PROBLEM DESCRIPTION: Once you reach the line containing "El trabajo en" in the entries below, write out that line and each one after it down to the line containing "10. Yechaveh Da'as", exactly and with nothing added.

INFORMATION:
===
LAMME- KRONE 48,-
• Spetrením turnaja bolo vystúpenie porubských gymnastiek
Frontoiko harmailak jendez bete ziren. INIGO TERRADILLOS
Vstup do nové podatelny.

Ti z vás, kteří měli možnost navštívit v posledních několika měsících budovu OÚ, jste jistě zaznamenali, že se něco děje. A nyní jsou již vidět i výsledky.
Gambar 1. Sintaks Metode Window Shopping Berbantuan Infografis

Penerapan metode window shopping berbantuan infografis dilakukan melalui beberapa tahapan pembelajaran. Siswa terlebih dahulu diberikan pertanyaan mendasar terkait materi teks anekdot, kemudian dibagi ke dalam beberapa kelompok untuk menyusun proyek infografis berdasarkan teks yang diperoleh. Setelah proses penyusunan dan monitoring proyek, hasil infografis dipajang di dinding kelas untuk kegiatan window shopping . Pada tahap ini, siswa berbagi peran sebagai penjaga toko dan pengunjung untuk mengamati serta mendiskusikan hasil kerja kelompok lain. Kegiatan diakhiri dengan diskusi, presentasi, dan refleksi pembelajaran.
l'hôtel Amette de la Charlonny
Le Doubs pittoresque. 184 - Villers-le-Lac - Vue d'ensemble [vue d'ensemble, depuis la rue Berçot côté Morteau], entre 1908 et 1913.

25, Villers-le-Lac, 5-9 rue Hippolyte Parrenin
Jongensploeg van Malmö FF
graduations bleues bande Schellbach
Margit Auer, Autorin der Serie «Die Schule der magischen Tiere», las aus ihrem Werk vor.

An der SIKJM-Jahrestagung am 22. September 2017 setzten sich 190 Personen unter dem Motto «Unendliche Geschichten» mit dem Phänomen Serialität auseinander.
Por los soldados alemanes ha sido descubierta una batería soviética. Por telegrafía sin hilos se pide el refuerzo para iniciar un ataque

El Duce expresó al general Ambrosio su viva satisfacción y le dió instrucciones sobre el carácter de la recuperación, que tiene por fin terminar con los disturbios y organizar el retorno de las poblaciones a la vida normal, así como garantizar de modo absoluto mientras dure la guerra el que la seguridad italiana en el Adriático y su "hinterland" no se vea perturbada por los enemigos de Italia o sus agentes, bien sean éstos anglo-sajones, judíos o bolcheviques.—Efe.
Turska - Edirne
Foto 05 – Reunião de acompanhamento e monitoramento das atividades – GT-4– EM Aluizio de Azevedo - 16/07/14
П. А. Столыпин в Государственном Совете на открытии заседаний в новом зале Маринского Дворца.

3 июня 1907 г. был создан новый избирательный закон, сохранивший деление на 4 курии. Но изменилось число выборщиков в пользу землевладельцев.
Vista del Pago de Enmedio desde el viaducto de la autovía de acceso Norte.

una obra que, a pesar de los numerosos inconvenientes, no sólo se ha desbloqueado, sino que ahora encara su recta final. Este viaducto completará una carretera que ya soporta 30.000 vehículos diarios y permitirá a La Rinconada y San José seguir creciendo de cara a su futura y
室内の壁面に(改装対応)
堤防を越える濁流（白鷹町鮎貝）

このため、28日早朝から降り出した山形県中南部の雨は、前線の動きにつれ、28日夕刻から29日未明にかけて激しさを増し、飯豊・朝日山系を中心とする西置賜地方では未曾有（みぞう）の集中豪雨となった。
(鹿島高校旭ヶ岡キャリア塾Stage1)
===
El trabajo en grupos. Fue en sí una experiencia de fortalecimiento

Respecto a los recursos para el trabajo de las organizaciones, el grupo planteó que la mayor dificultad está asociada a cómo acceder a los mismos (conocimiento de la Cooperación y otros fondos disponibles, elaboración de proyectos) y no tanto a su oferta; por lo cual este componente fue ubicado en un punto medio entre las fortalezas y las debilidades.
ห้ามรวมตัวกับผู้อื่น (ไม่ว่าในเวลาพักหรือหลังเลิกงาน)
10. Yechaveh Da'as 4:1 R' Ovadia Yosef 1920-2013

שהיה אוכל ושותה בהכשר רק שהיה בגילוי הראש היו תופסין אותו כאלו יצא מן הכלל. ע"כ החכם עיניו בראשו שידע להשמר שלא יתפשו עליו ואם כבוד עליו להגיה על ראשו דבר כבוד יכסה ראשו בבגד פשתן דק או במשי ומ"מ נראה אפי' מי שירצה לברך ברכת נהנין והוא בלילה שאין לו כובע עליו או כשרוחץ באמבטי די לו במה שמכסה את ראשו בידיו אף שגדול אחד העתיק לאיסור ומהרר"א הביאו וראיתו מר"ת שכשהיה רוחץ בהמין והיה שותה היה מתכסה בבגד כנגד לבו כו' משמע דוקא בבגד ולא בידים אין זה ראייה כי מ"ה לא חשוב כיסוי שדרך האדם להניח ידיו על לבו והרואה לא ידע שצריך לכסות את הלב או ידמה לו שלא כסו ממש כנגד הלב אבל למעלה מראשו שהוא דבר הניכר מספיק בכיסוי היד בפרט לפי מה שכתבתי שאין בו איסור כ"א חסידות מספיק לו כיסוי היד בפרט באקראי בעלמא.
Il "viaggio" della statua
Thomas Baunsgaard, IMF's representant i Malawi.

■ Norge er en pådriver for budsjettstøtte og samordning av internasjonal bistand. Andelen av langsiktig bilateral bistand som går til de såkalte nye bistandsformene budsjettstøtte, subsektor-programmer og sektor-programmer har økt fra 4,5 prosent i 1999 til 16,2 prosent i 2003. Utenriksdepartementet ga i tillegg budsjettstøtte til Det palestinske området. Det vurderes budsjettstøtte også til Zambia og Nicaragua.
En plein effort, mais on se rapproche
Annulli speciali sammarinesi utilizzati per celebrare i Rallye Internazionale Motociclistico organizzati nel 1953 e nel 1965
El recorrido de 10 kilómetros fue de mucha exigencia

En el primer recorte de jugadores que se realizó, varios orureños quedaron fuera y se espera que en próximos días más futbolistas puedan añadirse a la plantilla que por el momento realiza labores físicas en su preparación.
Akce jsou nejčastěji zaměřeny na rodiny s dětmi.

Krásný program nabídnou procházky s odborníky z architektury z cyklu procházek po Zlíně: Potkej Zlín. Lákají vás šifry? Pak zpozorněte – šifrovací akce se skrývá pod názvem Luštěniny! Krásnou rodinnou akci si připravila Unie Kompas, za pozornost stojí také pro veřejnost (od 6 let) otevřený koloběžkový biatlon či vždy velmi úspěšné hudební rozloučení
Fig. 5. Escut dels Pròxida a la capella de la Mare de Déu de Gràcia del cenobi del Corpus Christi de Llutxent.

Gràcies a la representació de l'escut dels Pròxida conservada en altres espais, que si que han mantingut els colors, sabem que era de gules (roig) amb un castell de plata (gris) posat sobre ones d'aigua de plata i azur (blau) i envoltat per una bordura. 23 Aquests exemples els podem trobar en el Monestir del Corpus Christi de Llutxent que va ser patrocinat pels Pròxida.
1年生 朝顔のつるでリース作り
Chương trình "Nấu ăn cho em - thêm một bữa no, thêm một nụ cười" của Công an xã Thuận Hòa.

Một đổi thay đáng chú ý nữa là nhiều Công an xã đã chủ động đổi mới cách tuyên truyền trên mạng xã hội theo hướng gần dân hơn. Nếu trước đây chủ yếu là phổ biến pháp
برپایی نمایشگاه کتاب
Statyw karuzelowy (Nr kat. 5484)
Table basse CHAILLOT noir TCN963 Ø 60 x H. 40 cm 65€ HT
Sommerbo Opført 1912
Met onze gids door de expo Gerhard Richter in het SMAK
===
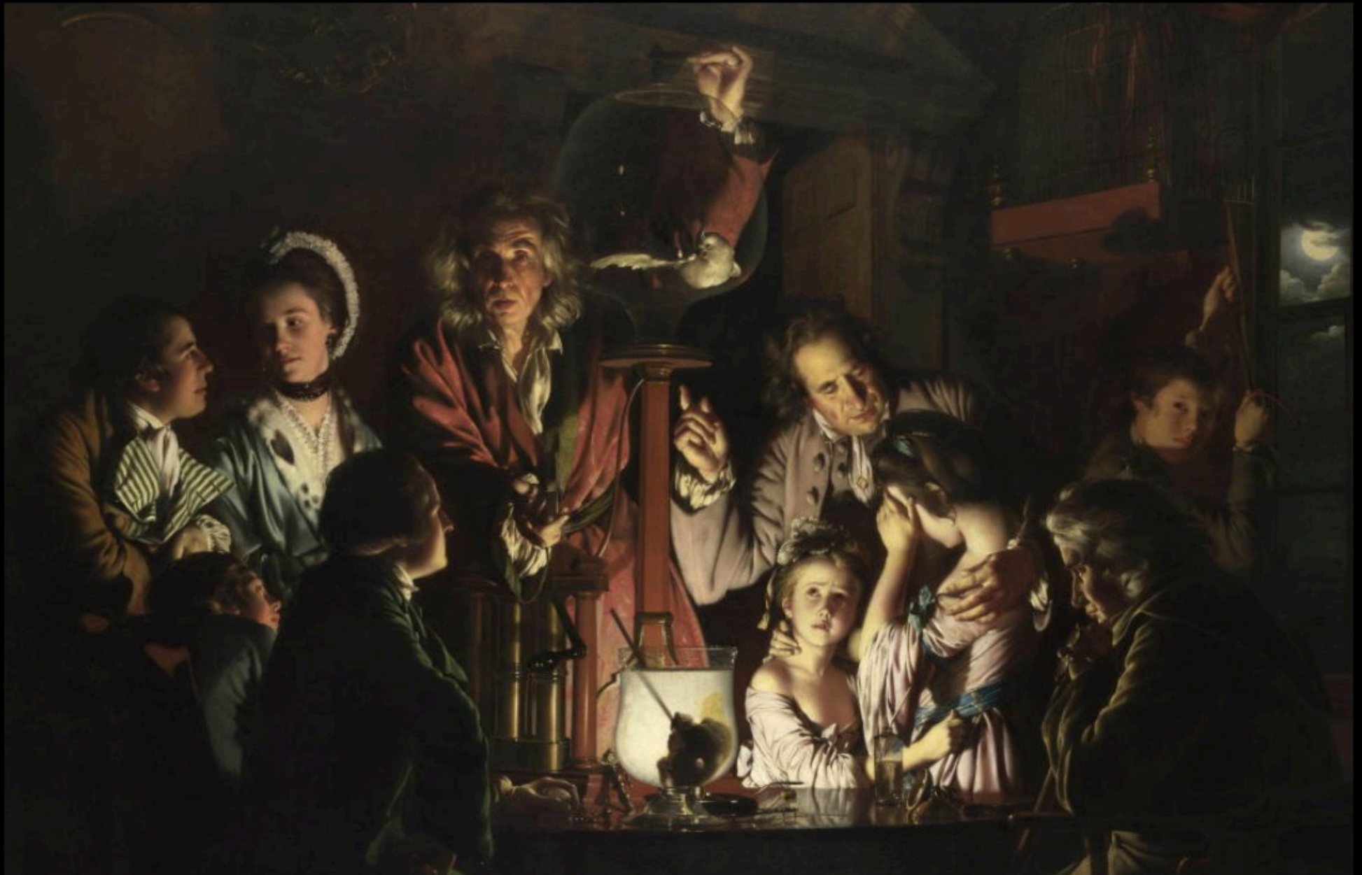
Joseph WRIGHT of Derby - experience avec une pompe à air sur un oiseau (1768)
===
EXERCISE RESPONSE:
El trabajo en grupos. Fue en sí una experiencia de fortalecimiento

Respecto a los recursos para el trabajo de las organizaciones, el grupo planteó que la mayor dificultad está asociada a cómo acceder a los mismos (conocimiento de la Cooperación y otros fondos disponibles, elaboración de proyectos) y no tanto a su oferta; por lo cual este componente fue ubicado en un punto medio entre las fortalezas y las debilidades.
ห้ามรวมตัวกับผู้อื่น (ไม่ว่าในเวลาพักหรือหลังเลิกงาน)
10. Yechaveh Da'as 4:1 R' Ovadia Yosef 1920-2013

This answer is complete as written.